◆ SOURCE MATERIAL
━━━━
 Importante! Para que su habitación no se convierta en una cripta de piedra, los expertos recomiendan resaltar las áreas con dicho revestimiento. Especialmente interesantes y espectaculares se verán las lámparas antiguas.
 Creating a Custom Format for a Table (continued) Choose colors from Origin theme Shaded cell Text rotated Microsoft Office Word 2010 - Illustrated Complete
━━━━
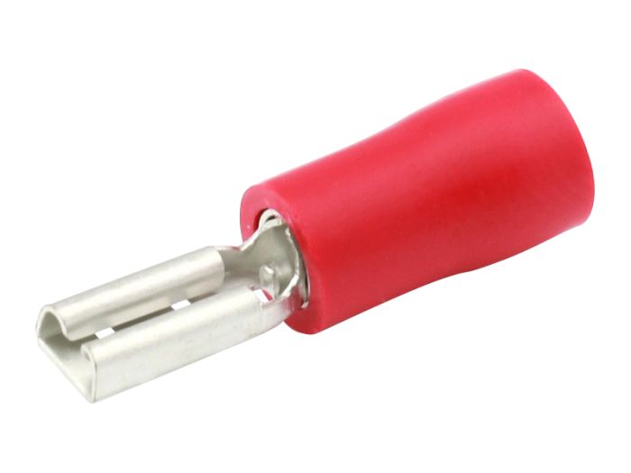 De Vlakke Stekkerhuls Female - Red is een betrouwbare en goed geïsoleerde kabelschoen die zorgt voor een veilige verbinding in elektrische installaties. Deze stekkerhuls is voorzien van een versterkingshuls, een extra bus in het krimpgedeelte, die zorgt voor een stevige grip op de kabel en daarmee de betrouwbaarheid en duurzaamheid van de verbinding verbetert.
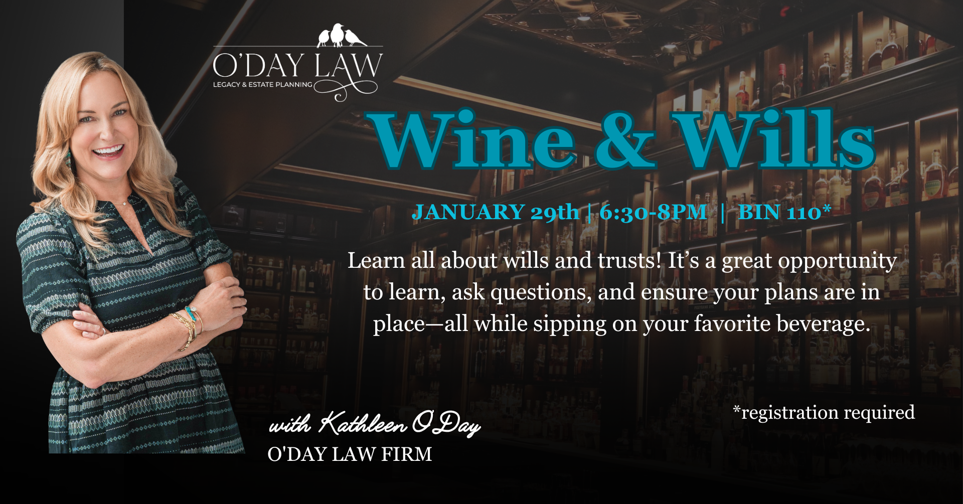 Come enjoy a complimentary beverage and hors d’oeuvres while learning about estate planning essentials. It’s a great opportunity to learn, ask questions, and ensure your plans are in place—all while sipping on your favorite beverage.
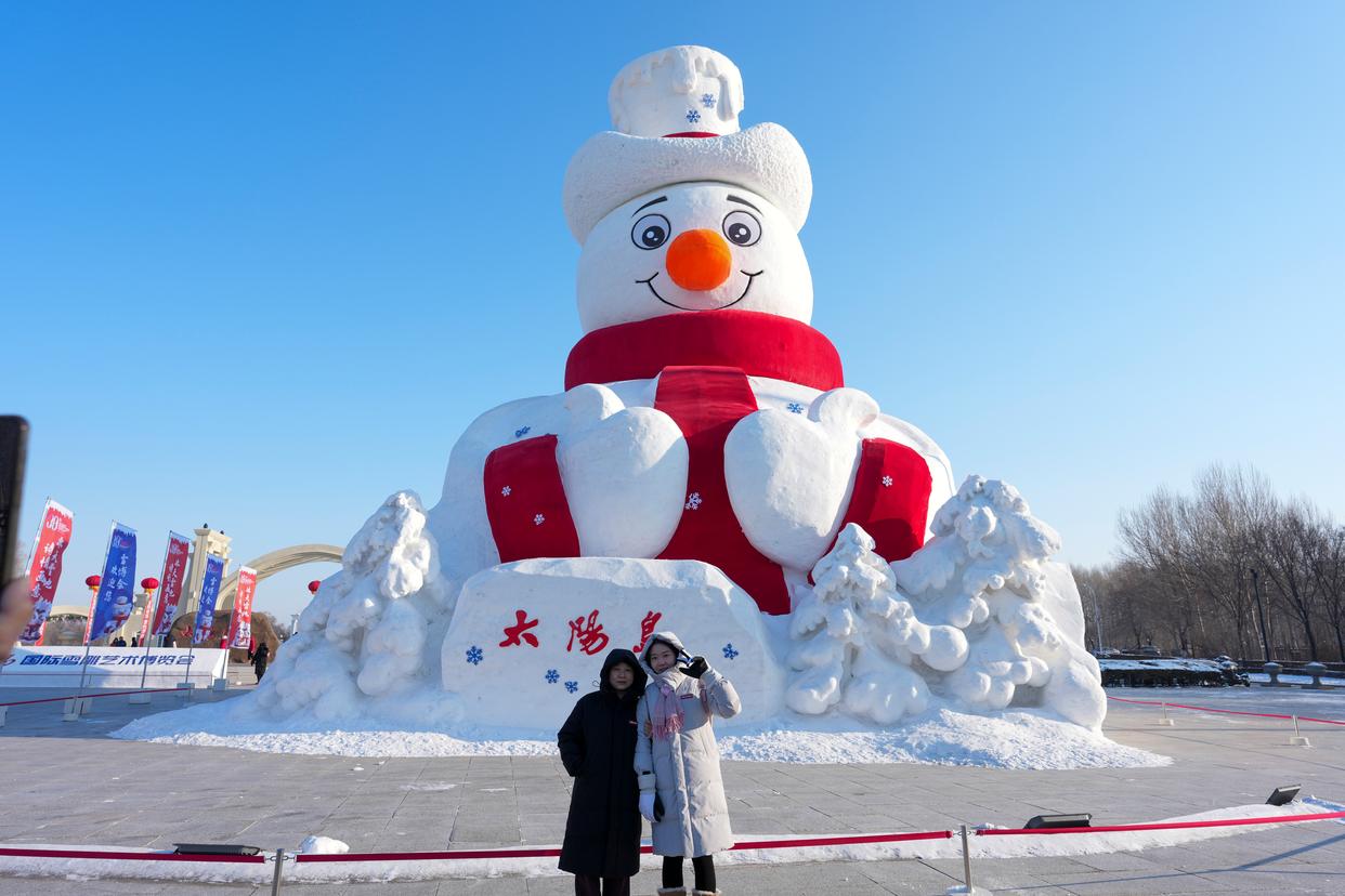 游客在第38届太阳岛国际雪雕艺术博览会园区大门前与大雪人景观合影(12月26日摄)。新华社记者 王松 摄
━━━━
◆ TASK DIRECTIONS
Out of the records above, set down only the lines from the one that contains "Come enjoy a" through the one that contains "游客在第38届太阳岛国际雪雕艺术博览会园区大门前与大雪人景观合影(12月26日摄)。新华社记者 王松 摄", unchanged and without the pictures.

◆ WRITTEN RESPONSE
 Come enjoy a complimentary beverage and hors d’oeuvres while learning about estate planning essentials. It’s a great opportunity to learn, ask questions, and ensure your plans are in place—all while sipping on your favorite beverage.
 游客在第38届太阳岛国际雪雕艺术博览会园区大门前与大雪人景观合影(12月26日摄)。新华社记者 王松 摄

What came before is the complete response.